Q4. Verify if correlation matches the theoretical value.
cor(indep.set[1,],indep.set[2,])
## [1] -0.08317728
cor(depend.set[1,],depend.set[2,])
## [1] 0.5631688
cor(X1, X2)
## [1] 0.649058
Appendix
- Tried increasing rho(correlation between initial standard normal variables)
x<-c()
y<-c()
rho<-0.8
mu1<-0
mu2<-0
sigma1<-1
sigma2<-1
X<-matrix(0,2,1)
set.seed(2013122032)
for(i in 1:100){
z1<-rnorm(1)
z2<-rnorm(1)
mu<-matrix(c(mu1, mu2),2,1)
Z<-matrix(c(z1,z2),2)
C<-matrix(c(sigma1^2, rho*sigma1*sigma2, rho*sigma1*sigma2*sigma2^2),2,2)
A<-t(chol(C))
X<-A%*%Z + mu
X1<-X[1]
X2<-X[2]
expo1<-pnorm(X1)
expo2<-pnorm(X2)
x[i]<--log(1-expo1)
y[i]<--(1/3)*log(1-expo2)
}
depend.set<-rbind(x,y)
depend.set[,1:5]
## [,1] [,2] [,3] [,4] [,5]
## x 0.7572952 0.09776871 0.14511311 0.6215402 0.17778300
## y 0.1704889 0.14892284 0.02447113 0.1997560 0.05166304
cor(depend.set[1,], depend.set[2,])
## [1] 0.7154539
- Increased rho yeilds higher correlation between final exponential random variables X1, X2. This implies higher correlation between original standard normal random variables result in equivalently higher correlation between final exponential random variables.

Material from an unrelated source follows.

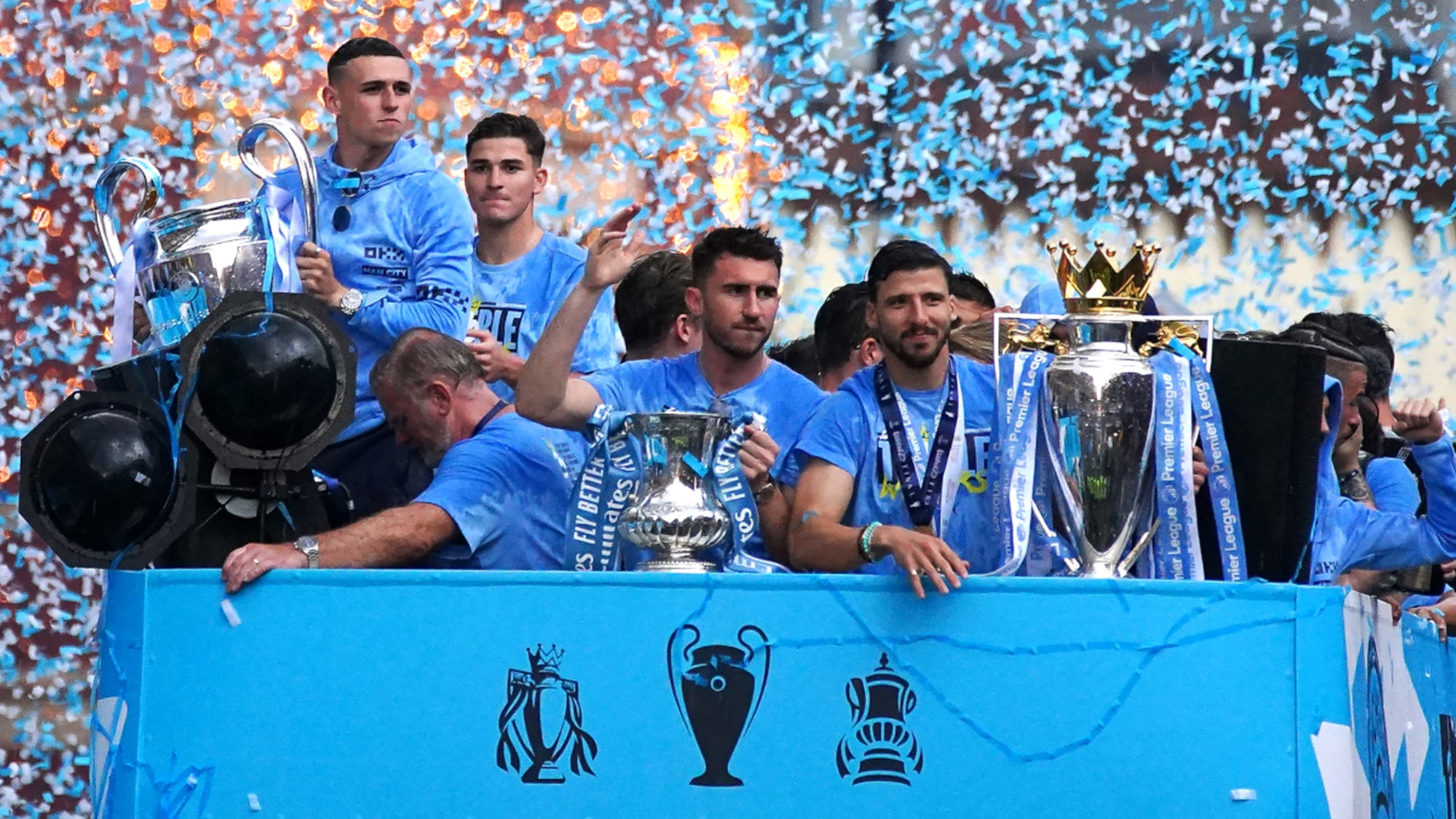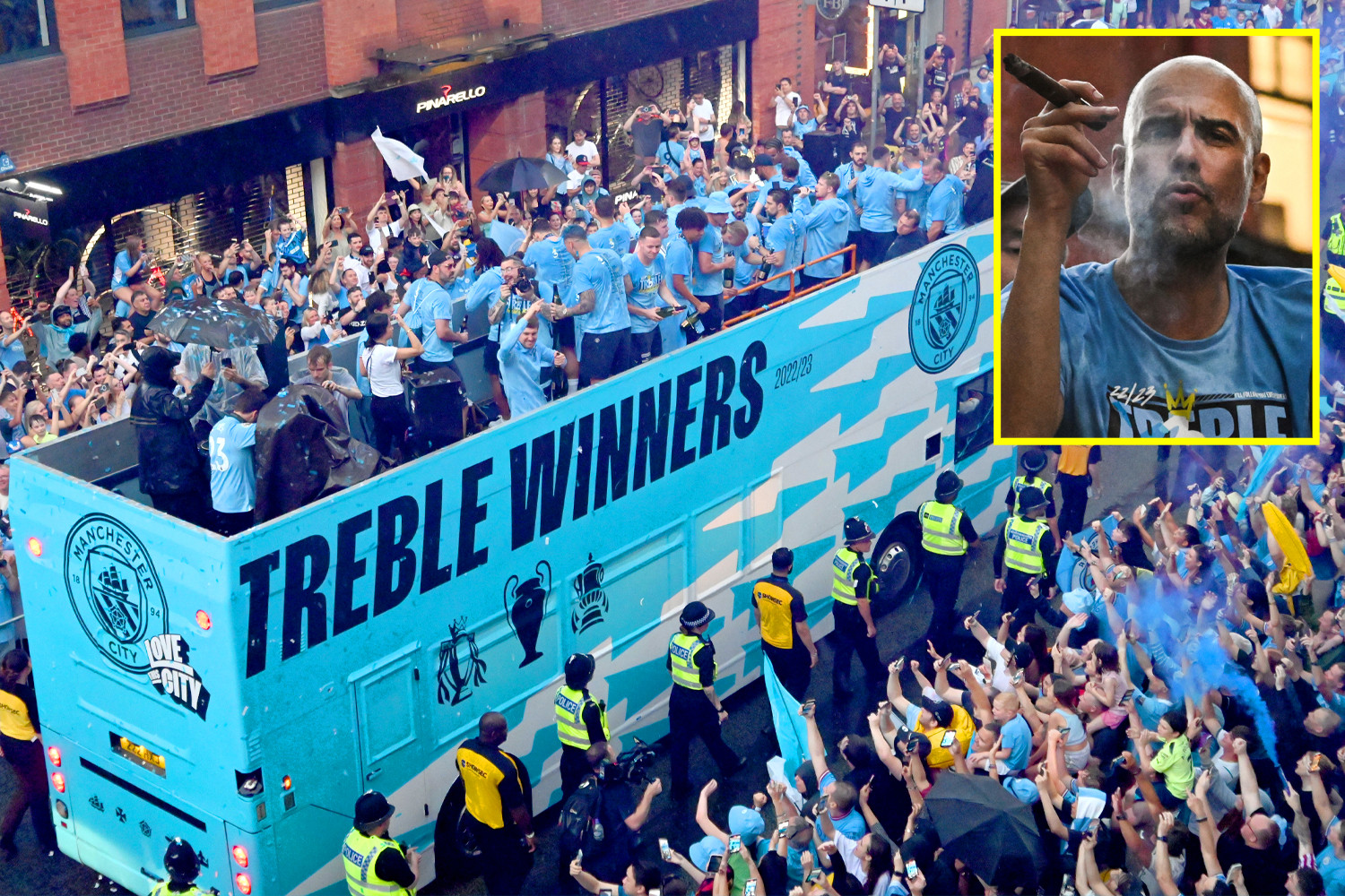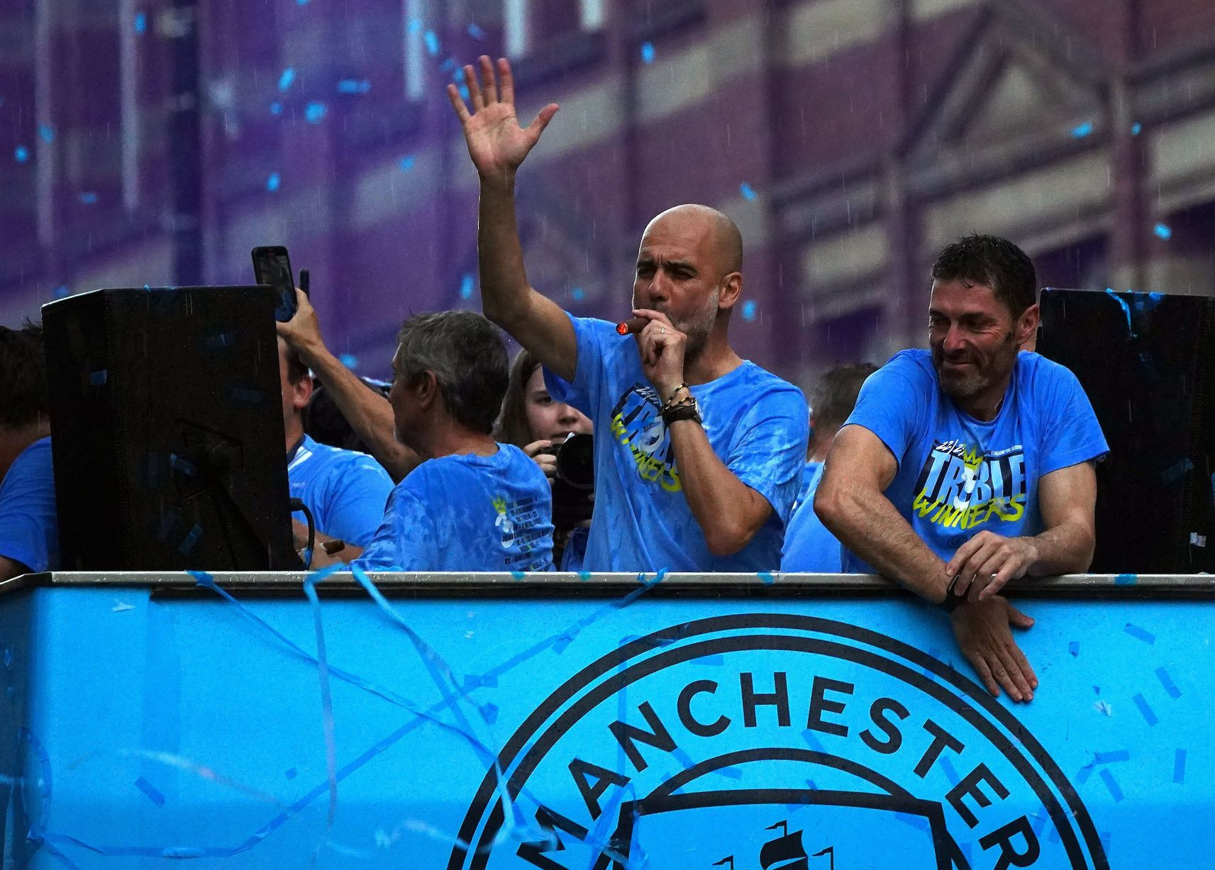 Nhiều thành viên Man City như Ake, Dias hay Haaland đã cởi trần để tắm mưa, ăn mừng cùng NHM. Tất cả cùng hát vang và nhảy múa. HLV Pep Guardiola cười tươi, cùng ê kíp huấn luyện cổ vũ các cầu thủ ăn mừng.

- I tried increasing sample size to see if such effort could increase correlation between X1 and X2
x<-c()
y<-c()
rho<-0.7
mu1<-0
mu2<-0
sigma1<-1
sigma2<-1
X<-matrix(0,2,1)
set.seed(2013122032)
for(i in 1:9999){
z1<-rnorm(1)
z2<-rnorm(1)
mu<-matrix(c(mu1, mu2),2,1)
Z<-matrix(c(z1,z2),2,1)
C<-matrix(c(sigma1^2, rho*sigma1*sigma2, rho*sigma1*sigma2*sigma2^2),2,2)
A<-t(chol(C))
X<-A%*%Z + mu
X1<-X[1]
X2<-X[2]
expo1<-pnorm(X1)
expo2<-pnorm(X2)
x[i]<--log(1-expo1)
y[i]<--(1/3)*log(1-expo2)
}
depend.set<-rbind(x,y)
depend.set[,1:5]
## [,1] [,2] [,3] [,4] [,5]
## x 0.7572952 0.09776871 0.14511311 0.6215402 0.17778300
## y 0.1563894 0.20737970 0.02439581 0.1997487 0.05578053
cor(depend.set[1,], depend.set[2,])
## [1] 0.6579665
- Increaseing sample size from 100 to 9999(about 100 times bigger) yeilds higher correlation of 0.6579665(from 0.56). This implies that bigger sample size yields set of random variables with desired degree of dependency.